Feedback Essentials

This is a concise post, summarizing Manager Tools podcasts about feedback. Examples are mine, I couldn’t remember specific examples.

Manager Tools recommendations are based on data about what’s effective gathered from companies from different industries and of different sizes.

Purpose of Feedback

The only purpose of feedback is to encourage productive behavior and to discourage unproductive behavior in the future.

Why Give Feedback?

As a manager, you are measured by results and retention. Results are achievable through behaviors. Your job as a manager is to adjust the behaviors, mostly through feedback, in order to improve results.

Prerequisites

For a feedback to be effective, there must be established relationship. In a professional context, the way to establish and maintain a relationship between a manager and their directs are weekly one-on-one meetings (which deserve a separate post). Without established relationship, feedback will most likely be ineffective. After having one-on-ones for some time, you can start with positive feedback, then add negative.

Be calm when giving feedback. If you are angry, wait until you are calm to give feedback.

Frequency

Overwhelming majority of directs want more feedback. Therefore, the feedback must be short. If it’s not short, it won’t be frequent.

Length

One feedback instance should take 30-90 seconds. (Don’t remember the exact numbers but something close to this).

Timing

The more adjacent in time the feedback is to the discussed behavior, the more effective it is.

Positive to Negative Ratio

Positive feedback is when you encourage productive behavior. Negative feedback is when you discourage unproductive behavior.

Ideally, for 10 positive pieces of feedback there would be one negative piece.

What’s Worthy of Feedback?

Pretty much any behavior, positive or negative.

Note that the amorphous “culture” is just a set of accepted behaviors. Maintaining “culture” can only be done through continuous feedback (by managers on all levels) and can not be done by producing the famous “our culture” style documents alone.

Delivery

Deliver in private. In order of decreasing effectiveness, as for any other communication:

  • Face to face
  • Video conference
  • Voice call

Procedure and Content

Giving feedback consists of the following steps.

Ask

Ask if the recipient is ready: “Can I give you some feedback?”

Do not proceed with feedback if the answer is no. In general, don’t ask questions when the response is irrelevant.

Describe the Situation

Example: “yesterday during the meeting”.

Describe the Behavior

Example: “you were talking over other people “

Describe the Effect

Example: “it made the discussion less effective” (TODO: better phrasing)

Ask to do More or Less

Example: “please don’t talk over other people in future meetings”

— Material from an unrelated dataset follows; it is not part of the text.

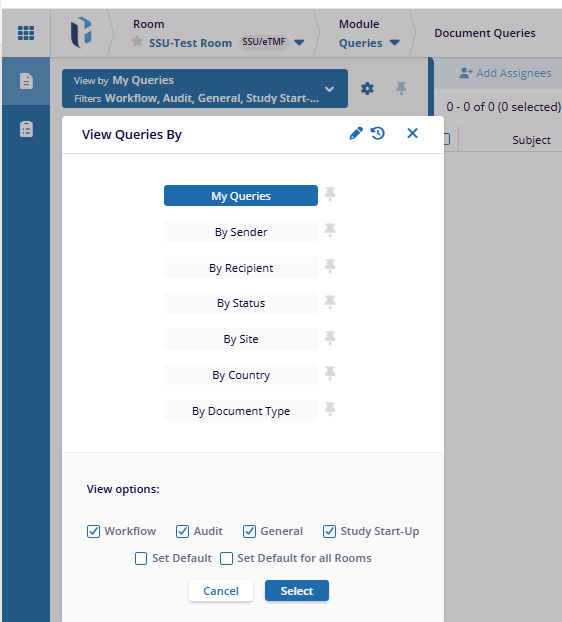 The View Queries By allows users to filter queries based on requirements such as sender, recipient, status, site, or document type. This functionality improves query management by allowing users to focus on relevant information.

This part is left out if the person you are talking to is not under your management. You can’t ask of more or less of a particular behavior in this case. You operate under assumption that the person was not aware of the effect of their behavior and providing the insight can help. If you omit this part, the conversation is not called feedback (according to this model) anymore.

Positive Example

– Can I give you some feedback?

– Sure

– You had deliverable X. You had delivered it on time and the quality met the expectations. This unblocked team Y on time and we are on schedule to finish the whole project, which is important for the client. Please continue delivering on time and to the expected quality.

– Good. Thanks!

Notes:

  • The feedback is about specific behaviors.
  • Schedule and quality of the deliverables are also behaviors.

Common Mistakes

Discussing Attitudes

Do not discuss attitudes, only behaviors. “You have a shitty attitude” is too amorphous and will cause “no, I don’t”. That’s an argument that you can’t possibly win. You should only give feedback about behaviors.

Root Cause Analysis

Don’t try to do root cause analysis with the direct. You are not well equipped to analyze what’s going on inside a head of another person.

More generally, don’t slip into digging into the past. The focus of feedback is future behavior.

Accumulating

Don’t wait for several instances of behavior to occur before giving feedback. Common mistake is to wait “to make sure we have a real issue here”.

Ignoring “Normal” Behavior

The excuse “this is the expected behavior of a person in this role” is invalid. Do give positive feedback for any behavior you want to continue in the future.

Asymmetric Delivery

Making positive and negative feedback items delivery asymmetrical is a mistake. They should be delivered in an identical manner except for the last section when you ask to do more or less of the behavior.


I intend to update this post for better phrasing and possibly more content (still keeping it concise).

Ideally, each point should have a link to the original podcast for deeper understanding. Hope I’ll get to do this some day.